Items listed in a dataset

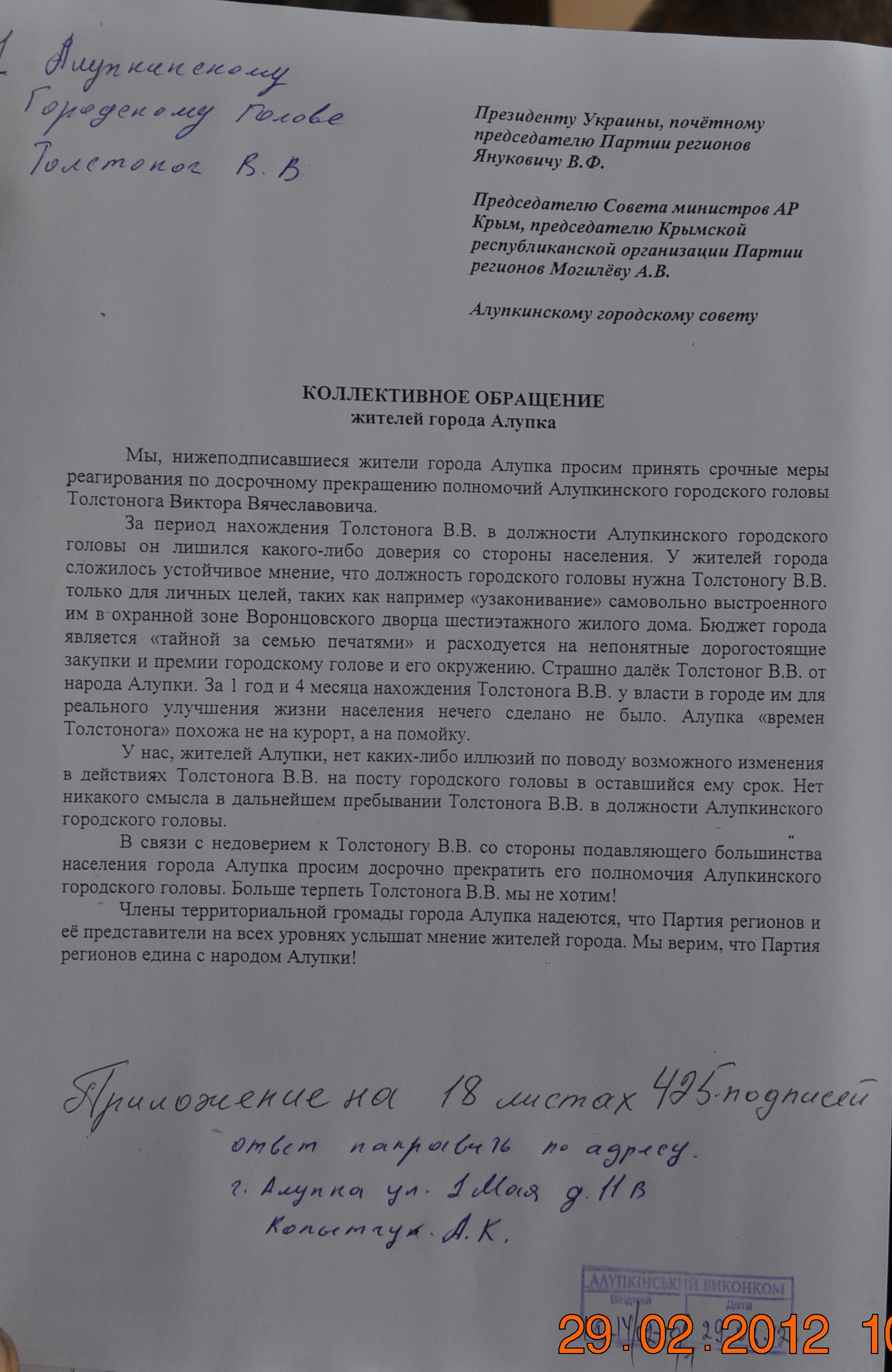 “За период нахождения Толстонога В.В. в должности Алупкинского городского головы он лишился доверия со стороны населения. Сложилось мнения, что должность головы Толстоног использует в личных целях, например, для “узаконивания” самовольно выстроенного в охранной зоне Воронцовского парка шестиэтажного жилого дома. За время правления Толстонога в городе для реального улучшения жизни населения ничего не сделано. Алупка “времен Толстонога” похожа не на курорт, а на помойку”, – говорится в обращении, текстом которого располагает “Центр”.
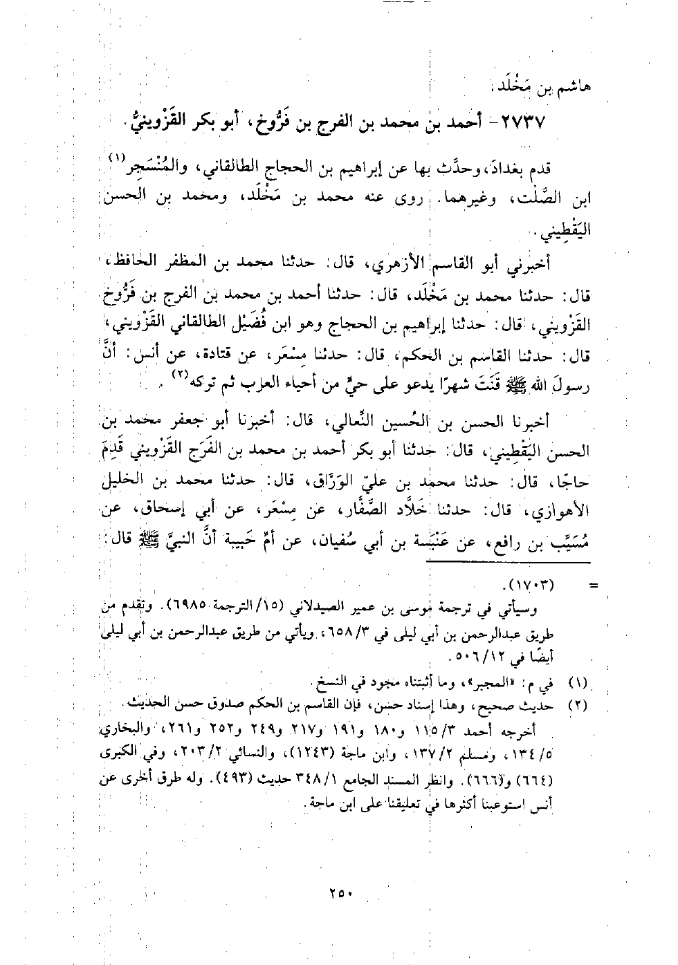 2737 - أَحْمَد بْن مُحَمَّد بْن الفرج بْن فروخ أَبُو بَكْر القزويني قدم بغداد، وحدث بِهَا عَن إِبْرَاهِيم بْن الحجاج الطالقاني، وَالمنسجر بْن الصلت، وغيرهما.
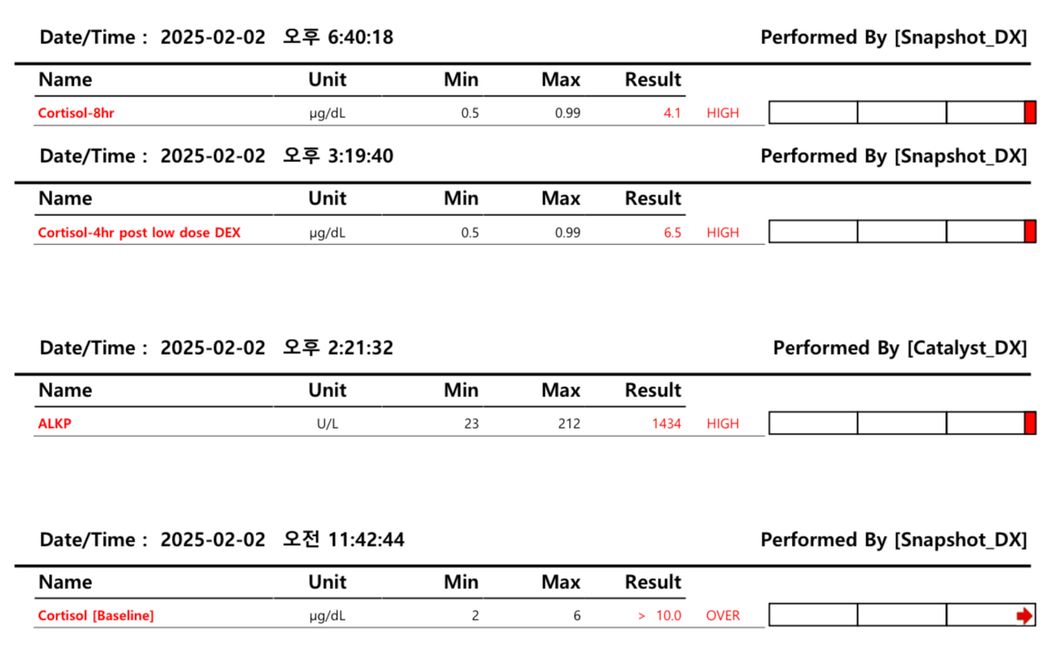 혈검지 수치를 보면 쿠싱 같긴합니다. alkp 수치가 높고 지방간에 고 콜레스테롤에 RBC HCT도 높게 나오고ㅠㅠ 근데 전해질 수치는 전부 정상이구요..;;
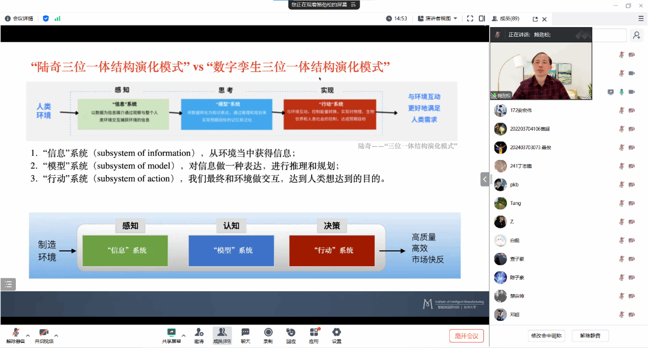 武科大网讯(通讯员 戴路)为深入探索智能制造,数字孪生前沿技术,11月28日晚,东华大学best365官方网站登录入口智能制造研究所所长鲍劲松教授应邀在腾讯会议作题为《数字孪生与工业GenAI技术》学术报告。本次报告由金装备及其控制教育部重点实验室机械传动与制造工程湖北省重点实验室联合主办,吸引了线上线下一百余名师生参与。
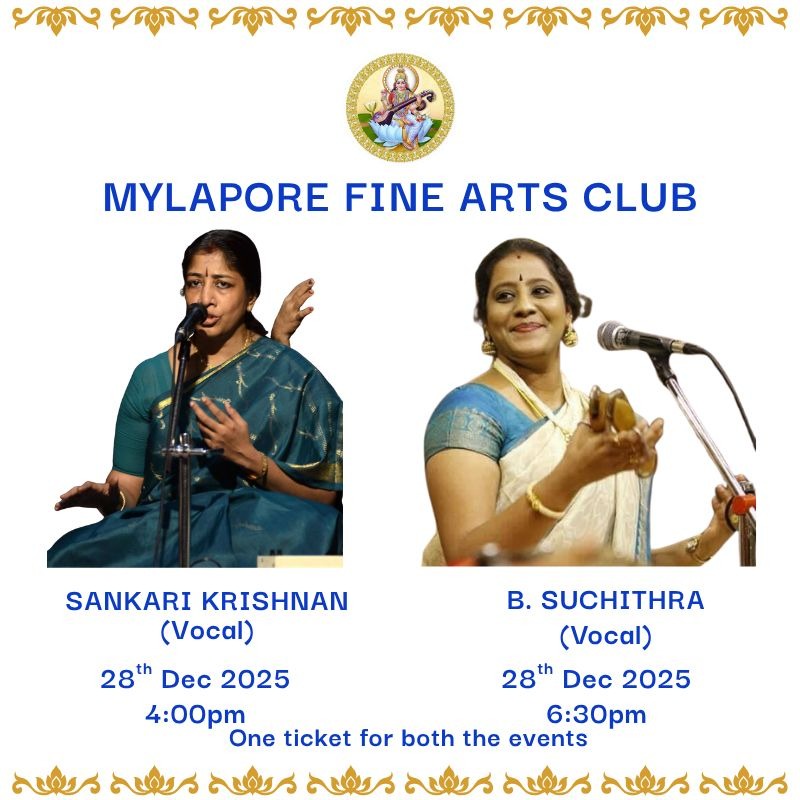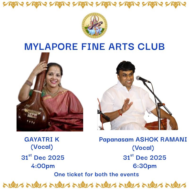 Mylapore Fine Arts-4pm-K. GAYATHRI (Vocal) ; 6:30pm-Papanasam ASHOK RAMANI (Vocal)
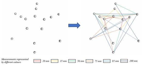 Fifteen spheres and thirty sphere center distances (different colors represent different values).
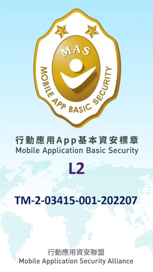 APP (1.6.0) 經合格實驗室檢測,符合「行動應用App基本資安檢測基準(v3.2)」安全等級 L2
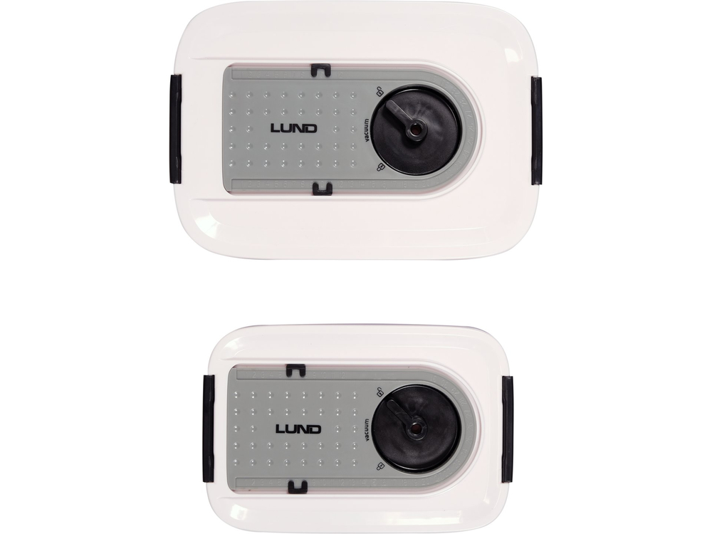 Lot de deux récipients sous vide de la marque LUND d'une capacité de 0,75 litre et de 1,5 litre. Le matériau de haute qualité garantit la durabilité, la possibilité de réchauffer les aliments au micro-ondes et de laver l'emballage au lave-vaisselle. Un avantage supplémentaire est la possibilité de marquer la date sur le couvercle.
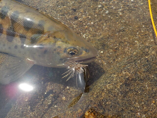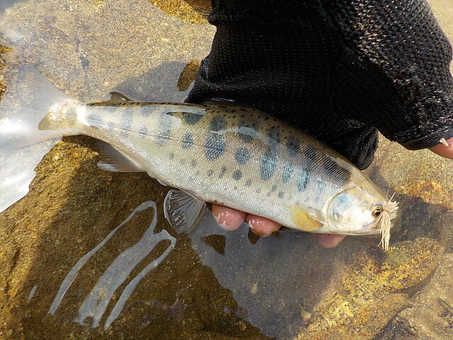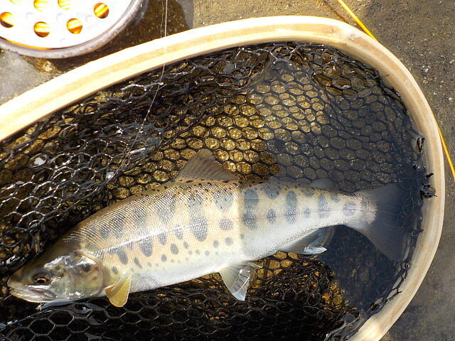 取水口があるので農業用に利用されているのかもしれない。ライズがあったので、竿を振ると35cmの虹鱒がヒットし、時間を掛けて慎重に取り込んだ。
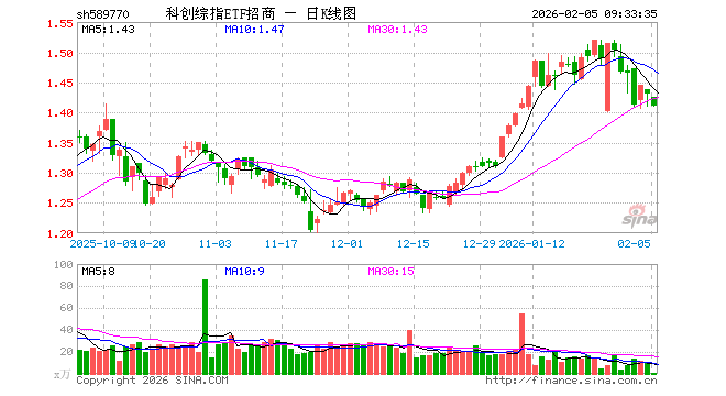 2月5日,科创综指ETF招商(589770)开盘跌0.35%,报1.426元。科创综指ETF招商(589770)重仓股方面,寒武纪开盘跌1.68%,海光信息跌2.11%,中芯国际跌1.61%,中微公司跌2.64%,金山办公跌1.32%,澜起科技跌5.28%,百利天恒涨0.75%,联影医疗涨0.04%,影石创新跌0.74%,拓荆科技跌3.47%。
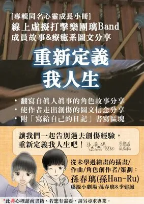 免費試閱續璃Band推出原創勵志療癒系專輯——《重新定義我人生》以後,鍵盤打擊樂十年以上經驗、另有專業但從未學過繪畫的作者兼繪者孫春璃(孫Han-Ru),出版了與專輯同名的療癒系圖文分享與璃Band角色成員(孫春璃&季建誠)故事。

→ Exercise description: All of the data must be repeated exactly, except for the pictures.

→ Expected answer:
 “За период нахождения Толстонога В.В. в должности Алупкинского городского головы он лишился доверия со стороны населения. Сложилось мнения, что должность головы Толстоног использует в личных целях, например, для “узаконивания” самовольно выстроенного в охранной зоне Воронцовского парка шестиэтажного жилого дома. За время правления Толстонога в городе для реального улучшения жизни населения ничего не сделано. Алупка “времен Толстонога” похожа не на курорт, а на помойку”, – говорится в обращении, текстом которого располагает “Центр”.
 2737 - أَحْمَد بْن مُحَمَّد بْن الفرج بْن فروخ أَبُو بَكْر القزويني قدم بغداد، وحدث بِهَا عَن إِبْرَاهِيم بْن الحجاج الطالقاني، وَالمنسجر بْن الصلت، وغيرهما.
 혈검지 수치를 보면 쿠싱 같긴합니다. alkp 수치가 높고 지방간에 고 콜레스테롤에 RBC HCT도 높게 나오고ㅠㅠ 근데 전해질 수치는 전부 정상이구요..;;
 武科大网讯(通讯员 戴路)为深入探索智能制造,数字孪生前沿技术,11月28日晚,东华大学best365官方网站登录入口智能制造研究所所长鲍劲松教授应邀在腾讯会议作题为《数字孪生与工业GenAI技术》学术报告。本次报告由金装备及其控制教育部重点实验室机械传动与制造工程湖北省重点实验室联合主办,吸引了线上线下一百余名师生参与。
 Mylapore Fine Arts-4pm-K. GAYATHRI (Vocal) ; 6:30pm-Papanasam ASHOK RAMANI (Vocal)
 Fifteen spheres and thirty sphere center distances (different colors represent different values).
 APP (1.6.0) 經合格實驗室檢測,符合「行動應用App基本資安檢測基準(v3.2)」安全等級 L2
 Lot de deux récipients sous vide de la marque LUND d'une capacité de 0,75 litre et de 1,5 litre. Le matériau de haute qualité garantit la durabilité, la possibilité de réchauffer les aliments au micro-ondes et de laver l'emballage au lave-vaisselle. Un avantage supplémentaire est la possibilité de marquer la date sur le couvercle.
 取水口があるので農業用に利用されているのかもしれない。ライズがあったので、竿を振ると35cmの虹鱒がヒットし、時間を掛けて慎重に取り込んだ。
 2月5日,科创综指ETF招商(589770)开盘跌0.35%,报1.426元。科创综指ETF招商(589770)重仓股方面,寒武纪开盘跌1.68%,海光信息跌2.11%,中芯国际跌1.61%,中微公司跌2.64%,金山办公跌1.32%,澜起科技跌5.28%,百利天恒涨0.75%,联影医疗涨0.04%,影石创新跌0.74%,拓荆科技跌3.47%。
 免費試閱續璃Band推出原創勵志療癒系專輯——《重新定義我人生》以後,鍵盤打擊樂十年以上經驗、另有專業但從未學過繪畫的作者兼繪者孫春璃(孫Han-Ru),出版了與專輯同名的療癒系圖文分享與璃Band角色成員(孫春璃&季建誠)故事。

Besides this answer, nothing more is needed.